◆ TO DO ◆
Go through the listing below and retype exactly the lines starting at the one with "Nach den 21-Uhr-Hochrechnungen" and ending at the one with "対決型グルメイベント『西荻窪×吉祥寺 飲みくらべ東西戦』を開催しております。", skipping pictures.

◆ INPUT DATA ◆
* * *
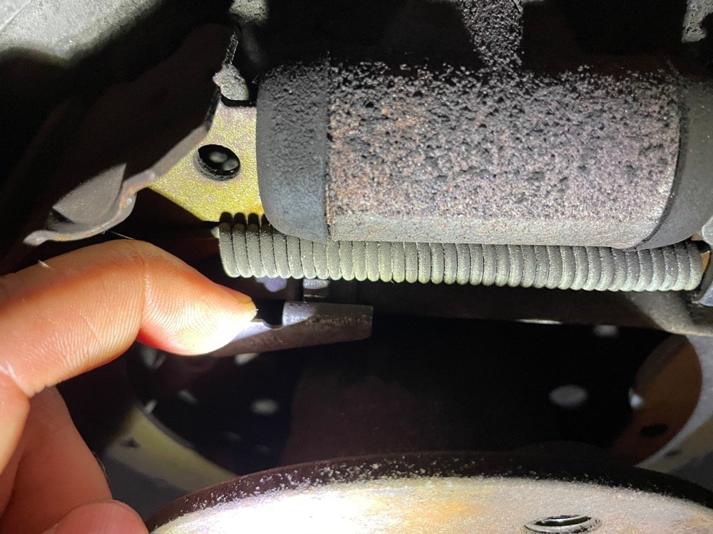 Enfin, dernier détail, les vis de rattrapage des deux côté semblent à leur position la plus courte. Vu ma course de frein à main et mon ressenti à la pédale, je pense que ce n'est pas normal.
* * *
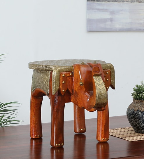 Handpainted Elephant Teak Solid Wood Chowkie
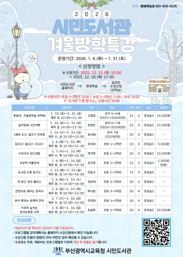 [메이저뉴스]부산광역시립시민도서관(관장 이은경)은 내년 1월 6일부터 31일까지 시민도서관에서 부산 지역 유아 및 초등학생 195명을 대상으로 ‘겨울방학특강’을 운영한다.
* * *
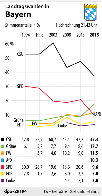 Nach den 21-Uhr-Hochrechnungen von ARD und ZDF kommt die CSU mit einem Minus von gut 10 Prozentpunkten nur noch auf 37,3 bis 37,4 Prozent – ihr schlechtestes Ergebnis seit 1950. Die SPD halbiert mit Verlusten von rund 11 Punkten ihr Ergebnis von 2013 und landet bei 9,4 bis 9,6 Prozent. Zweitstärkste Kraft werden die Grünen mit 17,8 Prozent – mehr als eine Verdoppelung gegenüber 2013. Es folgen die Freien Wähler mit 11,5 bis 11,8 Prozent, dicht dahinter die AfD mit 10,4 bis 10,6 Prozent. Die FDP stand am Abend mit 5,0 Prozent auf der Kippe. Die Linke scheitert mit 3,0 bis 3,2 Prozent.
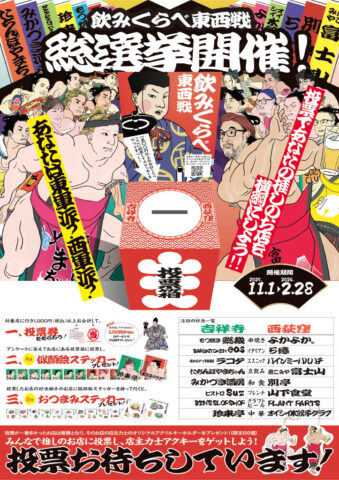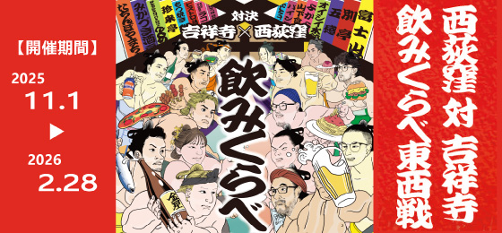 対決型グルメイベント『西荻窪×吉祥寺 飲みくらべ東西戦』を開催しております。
* * *
◆ ANSWER BOX ◆
 Nach den 21-Uhr-Hochrechnungen von ARD und ZDF kommt die CSU mit einem Minus von gut 10 Prozentpunkten nur noch auf 37,3 bis 37,4 Prozent – ihr schlechtestes Ergebnis seit 1950. Die SPD halbiert mit Verlusten von rund 11 Punkten ihr Ergebnis von 2013 und landet bei 9,4 bis 9,6 Prozent. Zweitstärkste Kraft werden die Grünen mit 17,8 Prozent – mehr als eine Verdoppelung gegenüber 2013. Es folgen die Freien Wähler mit 11,5 bis 11,8 Prozent, dicht dahinter die AfD mit 10,4 bis 10,6 Prozent. Die FDP stand am Abend mit 5,0 Prozent auf der Kippe. Die Linke scheitert mit 3,0 bis 3,2 Prozent.
 対決型グルメイベント『西荻窪×吉祥寺 飲みくらべ東西戦』を開催しております。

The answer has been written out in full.